• **DATASET RECORDS**
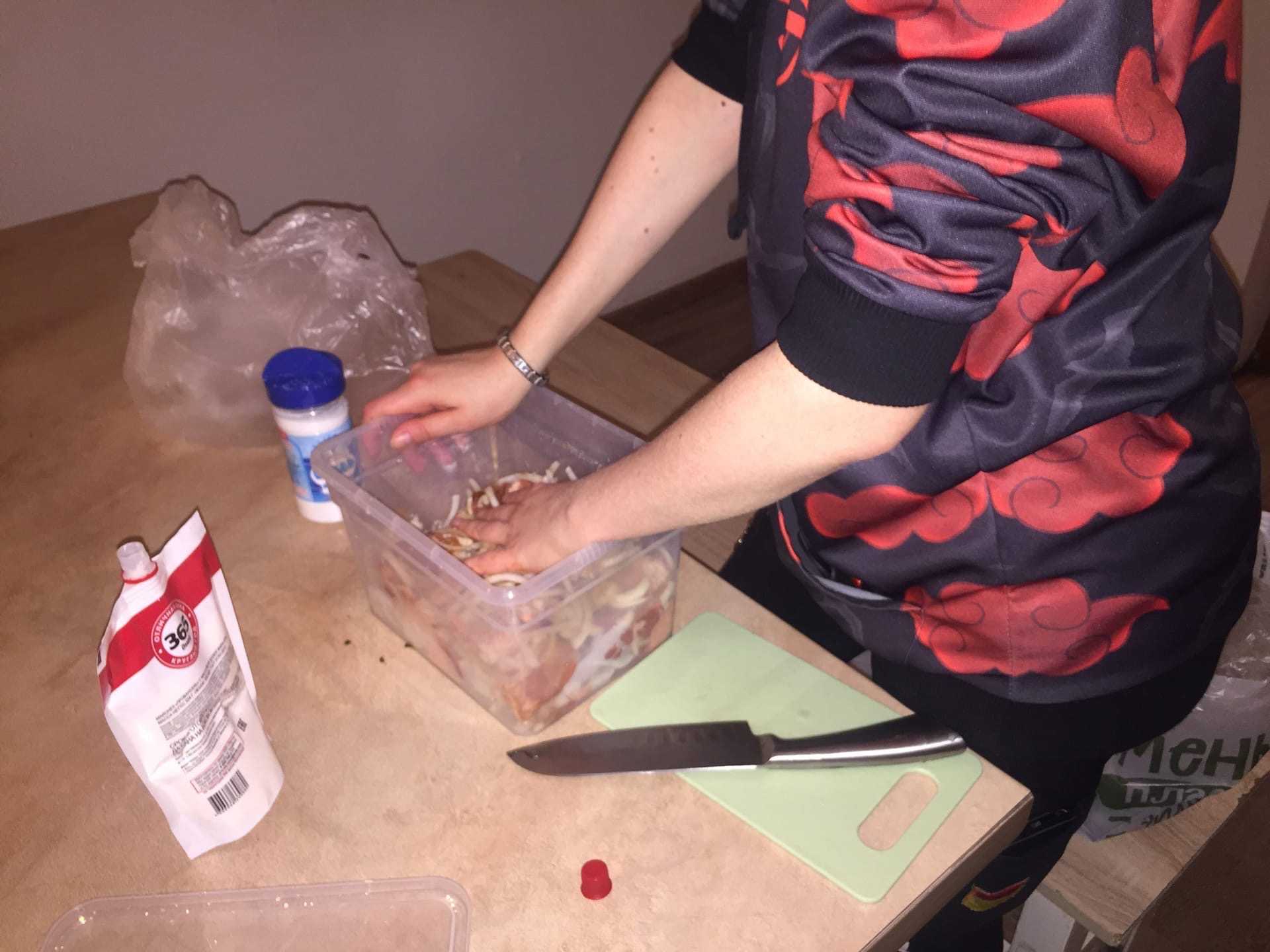 Лук режем полукольцами, добавляем и мнём, чтоб в маринад вытек сок. Майонез я взяла 365 дней, вообще считаю, что по вкусу и консистенции он не отличается от других, так и зачем платить больше?
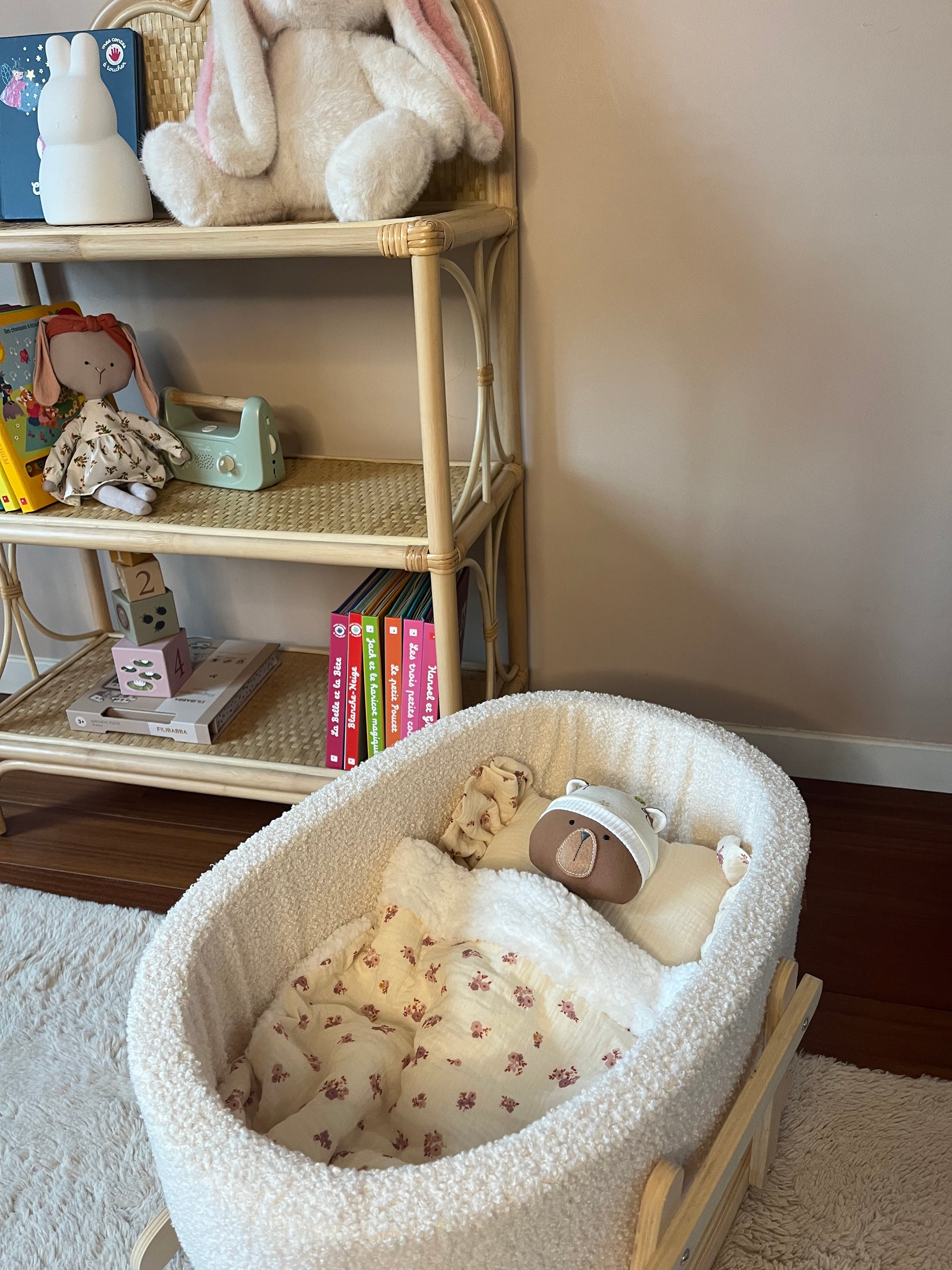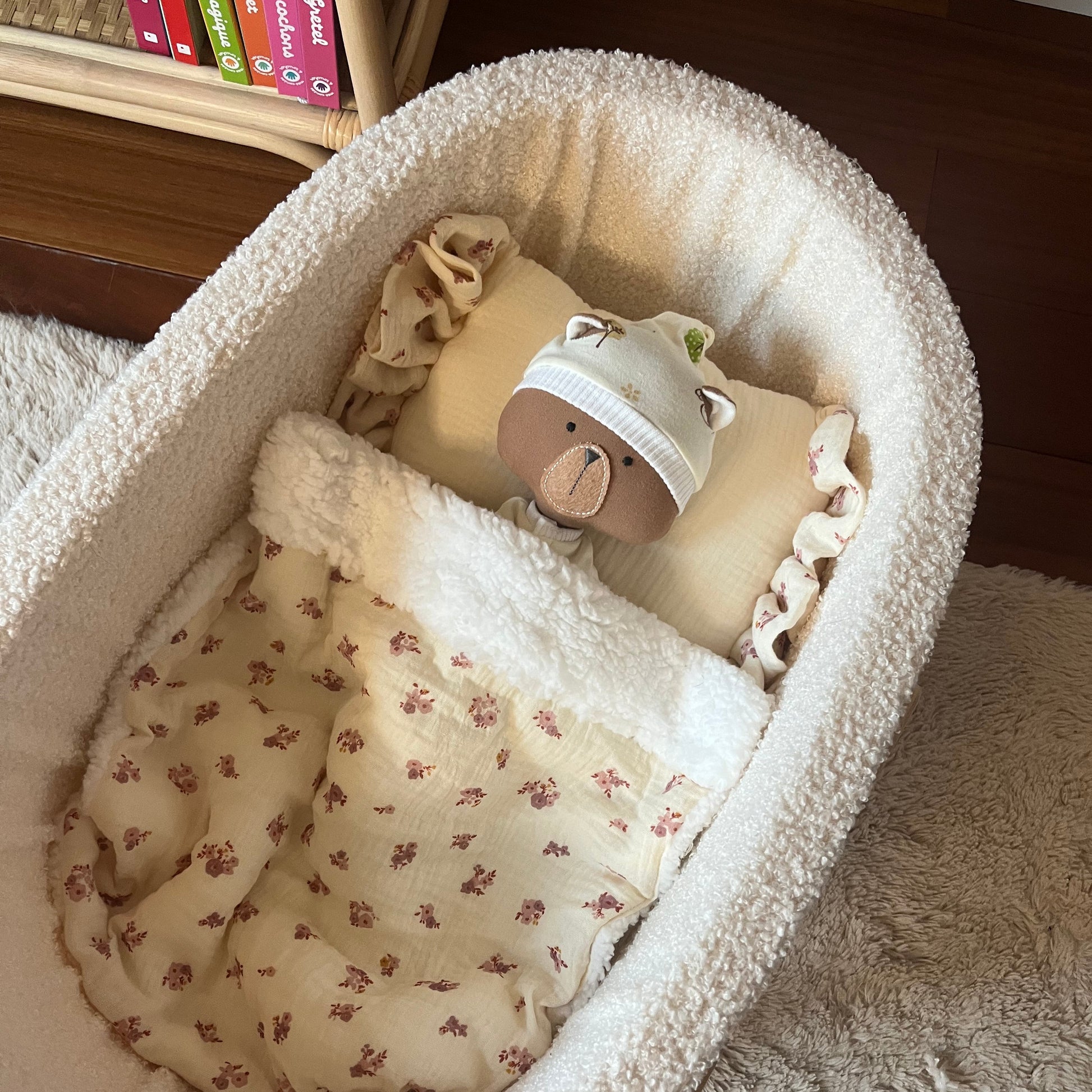 Ce joli set comprend une couverture moelleuse et un oreiller assorti, ce dernier décoré de froufrous sur les côtés. Conçu spécialement pour les poupées (jusqu'à 50 cm environ), il transforme chaque moment de jeu en une douce parenthèse cocooning.
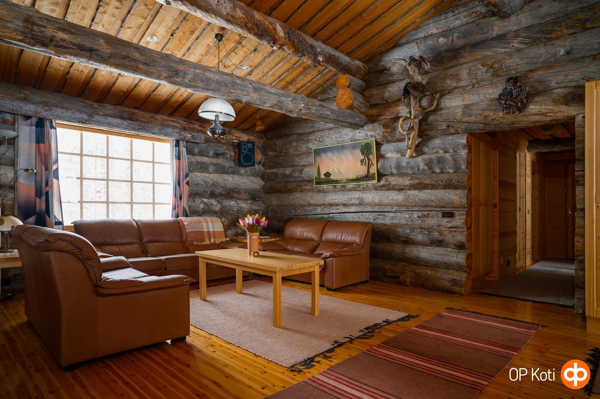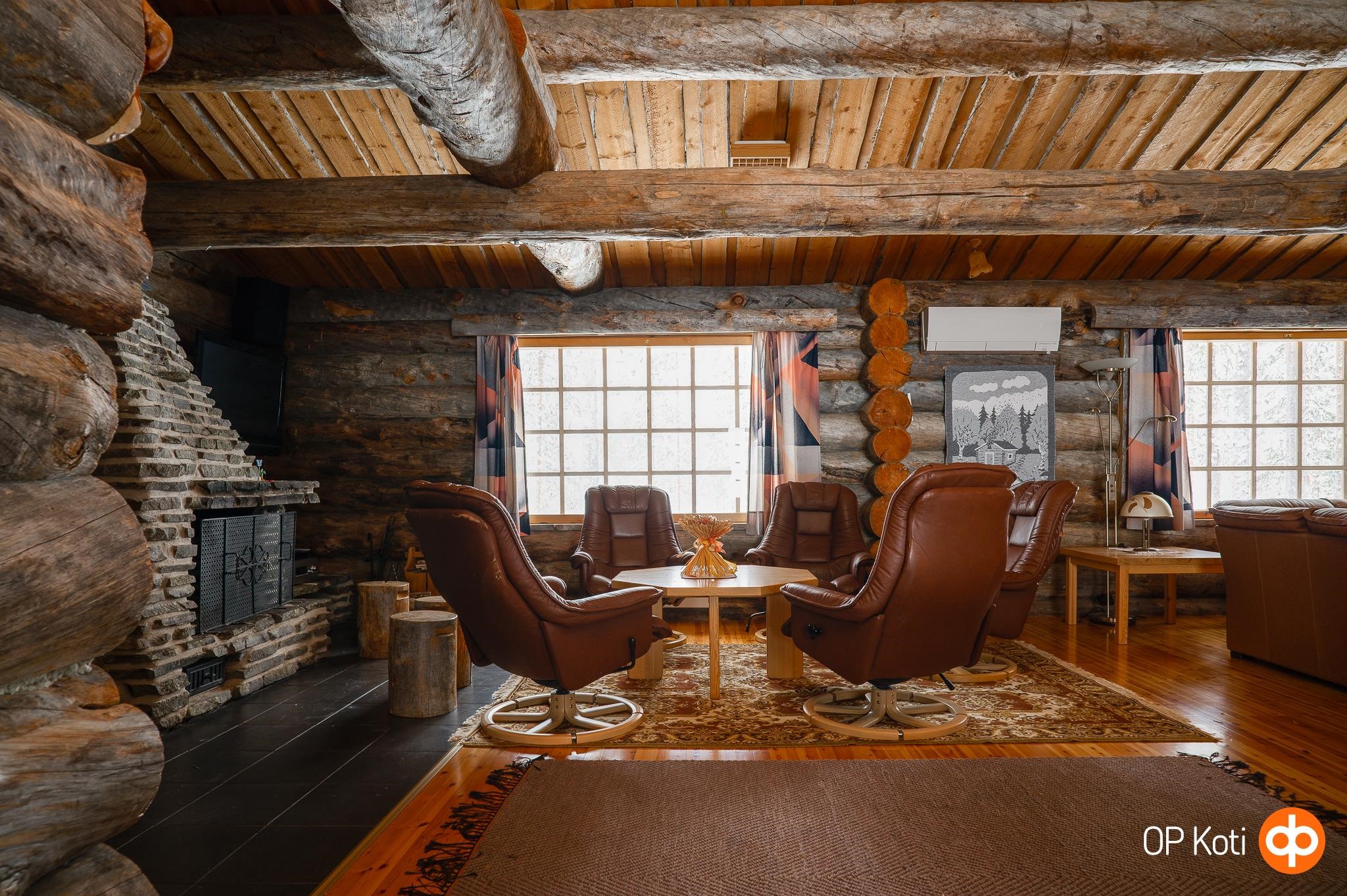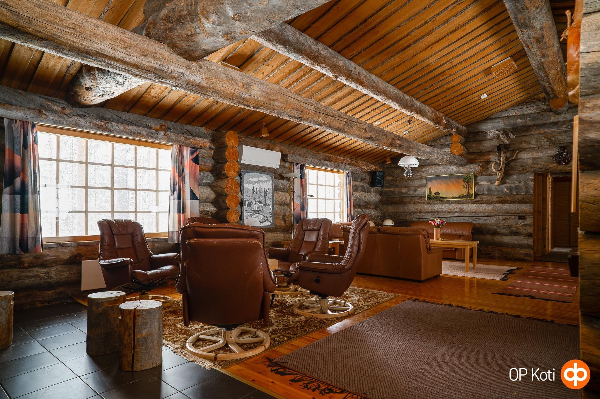 Avarassa keittiön ja olohuoneen yhdistelmässä on tilaa suuremmallekin seurueelle, isot ikkunat tuovat luonnonvalon osaksi arkea ja upea takka luo tunnelmaa. Tunnelma syntyy kelorakenteista ja kauniista näkymistä luontoon, mikä luo viihtyisyyttä vuodenajasta riippumatta. Neljä erillistä makuuhuonetta sekä parvi mahdollistavat isommankin seurueen lomailun. Terassi tarjoaa mahdollisuuden nauttia ulkoilmasta ja rauhallisesta ympäristöstä.
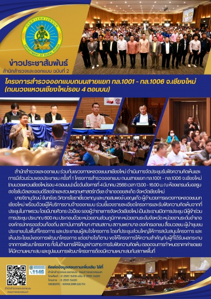 ตามที่ กรมทางหลวงชนบท สำนักสำรวจและออกแบบ ร่วมกับแขวงทางหลวงชนบทเชียงใหม่ ได้ดำเนินการจัดประชุมรับฟังความคิดเห็นและการมีส่วนร่วมของประชาชน ครั้งที่ 1 โครงการสำรวจออกแบบ ถนนสายแยก ทล.1001 - ทล.1006 จ.เชียงใหม่ (ถนนวงแหวนเชียงใหม่รอบ 4 ตอนบน) เมื่อวันอังคารที่ 4 มีนาคม 2568 เวลา 13.00 - 16.00 น. ณ ห้องแกรนด์บอลรูม ฮอไรซันวิลเลจแอนด์รีสอร์ทและสวนพฤกษศาสตร์ทวีชล อำเภอดอยสะเก็ด จังหวัดเชียงใหม่ พร้อมด้วยระบบวีดีโอคอนเฟอเรนซ์ ผ่านโปรแกรม Zoom Cloud Meeting แล้วเสร็จนั้น ในการนี้ กรมทางหลวงชนบท โดยแขวงทางหลวงชนบทเชียงใหม่ จึงขอประชาสัมพันธ์ ประกาศสรุปผลการประชุมฯ เพื่อเป็นการเผยแพร่ข้อมูลข่าวสารให้สาธารณชนรับทราบต่อไป โดยมีรายละเอียดตามเอกสารด้านล่างนี้ ท่านสามารถดูรายละเอียดเพิ่มเติมได้ตามลิงค์นี้ https://www.xn--4-5wfal1dbvabeaid7gns5db9ef8bd8omkva4dzh.com/
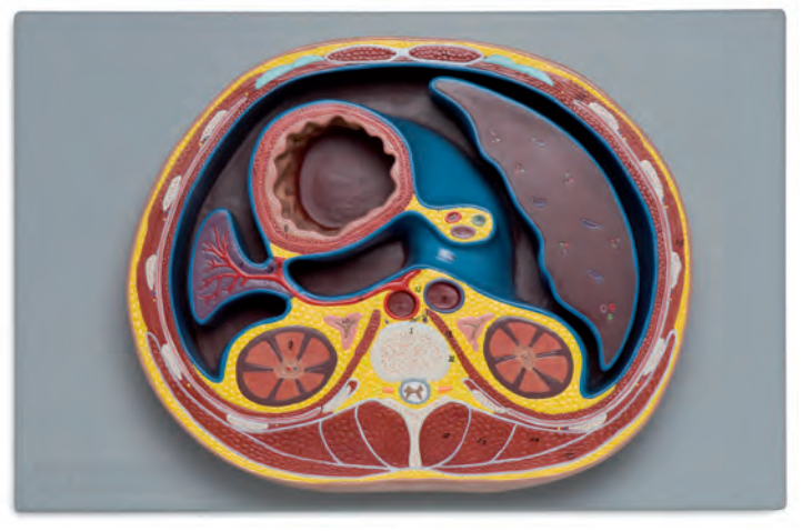 ■ 功能(néng):產品按正(zhèng)常解剖姿勢在平網膜孔的位置作一橫切,主要(yào)顯(xiǎn)示(shì)腹腔髒器、腹膜與網膜孔的位置關係,網膜孔是(shì)大腹膜腔通入網膜囊的唯一孔道,前主為肝十二指(zhǐ)腸韌帶,後方為下腔靜脈的腹膜,上界(jiè)為肝的尾狀葉(yè),下界為十二指腸球部,在消化道穿孔或實質(zhì)性髒器損(sǔn)傷,其內容物及其血液可經(jīng)網膜孔流入網膜囊內,同時還可示胃、腎、脾、肝橫斷麵諸(zhū)結構及其網膜孔與腹膜腔的通道關係、平網膜孔各髒器的毗鄰關係等;

• **AIM OF THE TASK**
Nothing but the pictures may be dropped; output the records above exactly.

• **OUTPUT OF THE TASK**
 Лук режем полукольцами, добавляем и мнём, чтоб в маринад вытек сок. Майонез я взяла 365 дней, вообще считаю, что по вкусу и консистенции он не отличается от других, так и зачем платить больше?
 Ce joli set comprend une couverture moelleuse et un oreiller assorti, ce dernier décoré de froufrous sur les côtés. Conçu spécialement pour les poupées (jusqu'à 50 cm environ), il transforme chaque moment de jeu en une douce parenthèse cocooning.
 Avarassa keittiön ja olohuoneen yhdistelmässä on tilaa suuremmallekin seurueelle, isot ikkunat tuovat luonnonvalon osaksi arkea ja upea takka luo tunnelmaa. Tunnelma syntyy kelorakenteista ja kauniista näkymistä luontoon, mikä luo viihtyisyyttä vuodenajasta riippumatta. Neljä erillistä makuuhuonetta sekä parvi mahdollistavat isommankin seurueen lomailun. Terassi tarjoaa mahdollisuuden nauttia ulkoilmasta ja rauhallisesta ympäristöstä.
 ตามที่ กรมทางหลวงชนบท สำนักสำรวจและออกแบบ ร่วมกับแขวงทางหลวงชนบทเชียงใหม่ ได้ดำเนินการจัดประชุมรับฟังความคิดเห็นและการมีส่วนร่วมของประชาชน ครั้งที่ 1 โครงการสำรวจออกแบบ ถนนสายแยก ทล.1001 - ทล.1006 จ.เชียงใหม่ (ถนนวงแหวนเชียงใหม่รอบ 4 ตอนบน) เมื่อวันอังคารที่ 4 มีนาคม 2568 เวลา 13.00 - 16.00 น. ณ ห้องแกรนด์บอลรูม ฮอไรซันวิลเลจแอนด์รีสอร์ทและสวนพฤกษศาสตร์ทวีชล อำเภอดอยสะเก็ด จังหวัดเชียงใหม่ พร้อมด้วยระบบวีดีโอคอนเฟอเรนซ์ ผ่านโปรแกรม Zoom Cloud Meeting แล้วเสร็จนั้น ในการนี้ กรมทางหลวงชนบท โดยแขวงทางหลวงชนบทเชียงใหม่ จึงขอประชาสัมพันธ์ ประกาศสรุปผลการประชุมฯ เพื่อเป็นการเผยแพร่ข้อมูลข่าวสารให้สาธารณชนรับทราบต่อไป โดยมีรายละเอียดตามเอกสารด้านล่างนี้ ท่านสามารถดูรายละเอียดเพิ่มเติมได้ตามลิงค์นี้ https://www.xn--4-5wfal1dbvabeaid7gns5db9ef8bd8omkva4dzh.com/
 ■ 功能(néng):產品按正(zhèng)常解剖姿勢在平網膜孔的位置作一橫切,主要(yào)顯(xiǎn)示(shì)腹腔髒器、腹膜與網膜孔的位置關係,網膜孔是(shì)大腹膜腔通入網膜囊的唯一孔道,前主為肝十二指(zhǐ)腸韌帶,後方為下腔靜脈的腹膜,上界(jiè)為肝的尾狀葉(yè),下界為十二指腸球部,在消化道穿孔或實質(zhì)性髒器損(sǔn)傷,其內容物及其血液可經(jīng)網膜孔流入網膜囊內,同時還可示胃、腎、脾、肝橫斷麵諸(zhū)結構及其網膜孔與腹膜腔的通道關係、平網膜孔各髒器的毗鄰關係等;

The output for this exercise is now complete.